Monday, February 11, 2008





Antitrust Division Recommends Review of Regulations for Futures Exchanges

This posting was written by Jeffrey May, Editor of CCH Trade Regulation Reporter.

The Department of Justice Antitrust Division filed comments with the U.S. Department of the Treasury on January 31, recommending that the Treasury Department conduct a careful review to determine whether the current regulatory structure for interest rate futures transactions could be improved to make entry by new exchanges easier. The Antitrust Division contended that certain regulatory policies governing financial futures might have inhibited competition among financial futures exchanges.

The Justice Department suggested that a change in the regulatory regime that eliminates exchange control exercised by futures exchanges over the clearing function could facilitate the emergence of greater competition between exchanges in the development and trading of financial futures contracts.

Under the current regulatory regime, an exchange controls where a financial futures contract is cleared (“open interest”) and whether the clearinghouse may treat contracts as fungible or eligible for margin offset (“margin offsets”). This control has made it difficult for exchanges to enter and compete in the trading of financial futures contracts, according to the Antitrust Division. Equity and options exchanges do not control open interest, fungibility, or margin offsets in the clearing process, it was noted.

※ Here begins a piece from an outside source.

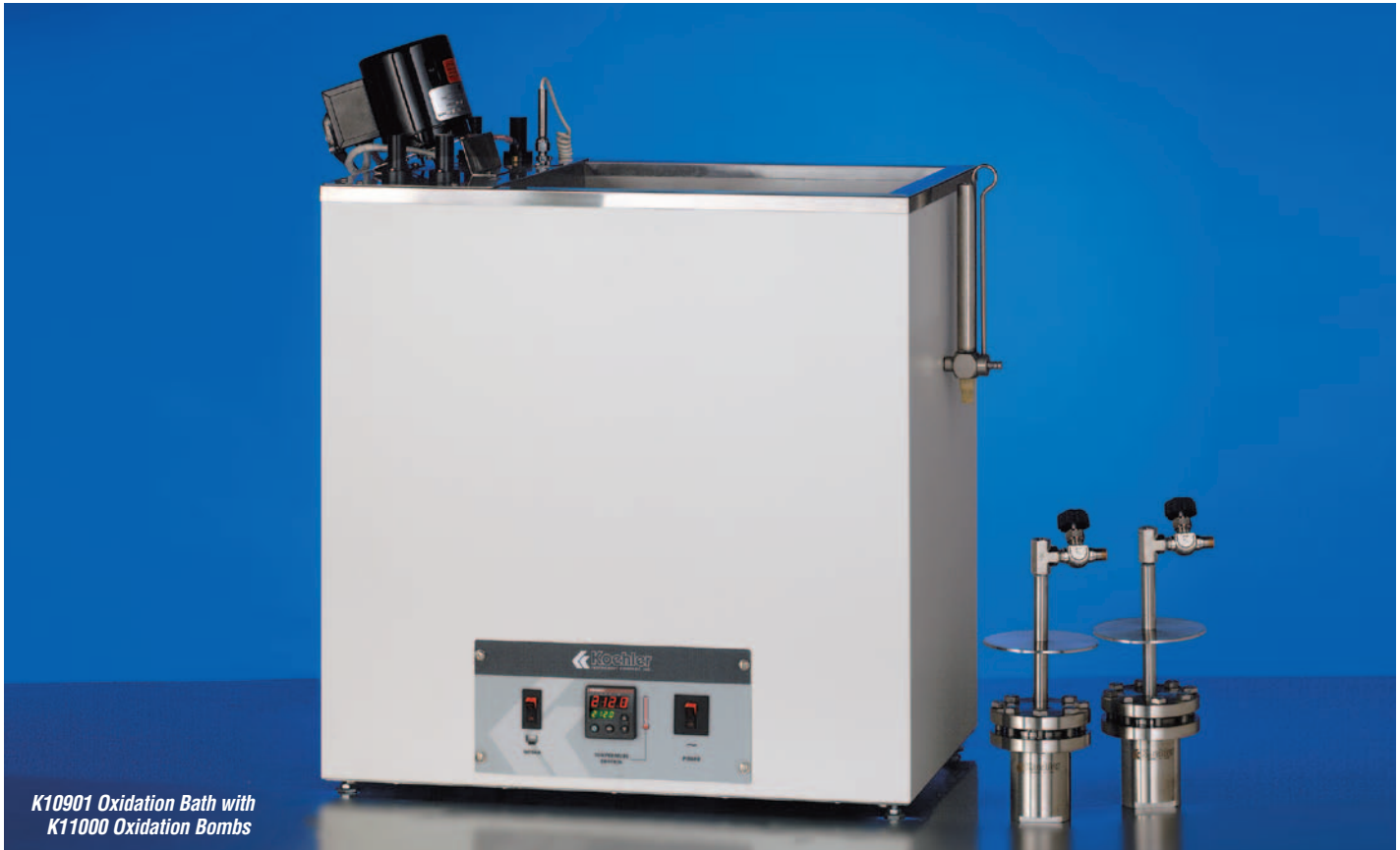
K10901 Oxidation Bath with K11000 Oxidation Bombs

The Justice Department comments in response to the Treasury Department's request for comments on the Regulatory Structure Associated with Financial Institutions, appears at: http://www.usdoj.gov/atr/public/comments/229911.htm.

Commodity Futures Trading Commission

“As the regulator of the futures markets, the CFTC is confident that the U.S. futures exchanges and clearinghouses are functioning well, especially during these turbulent economic times,” Walter Lukken, Acting Chairman of the Commodity Futures Trading Commission (CFTC), said in a February 8 statement, responding to the Antitrust Division's comments.

“The CFTC continues to examine the industry's clearing structure as part of our broader mission,” he added. “While recent Department of Justice comments on clearing deserve thoughtful analysis, we believe that the various clearing models that have developed in the U.S. meet the standards established by the Commodity Exchange Act.”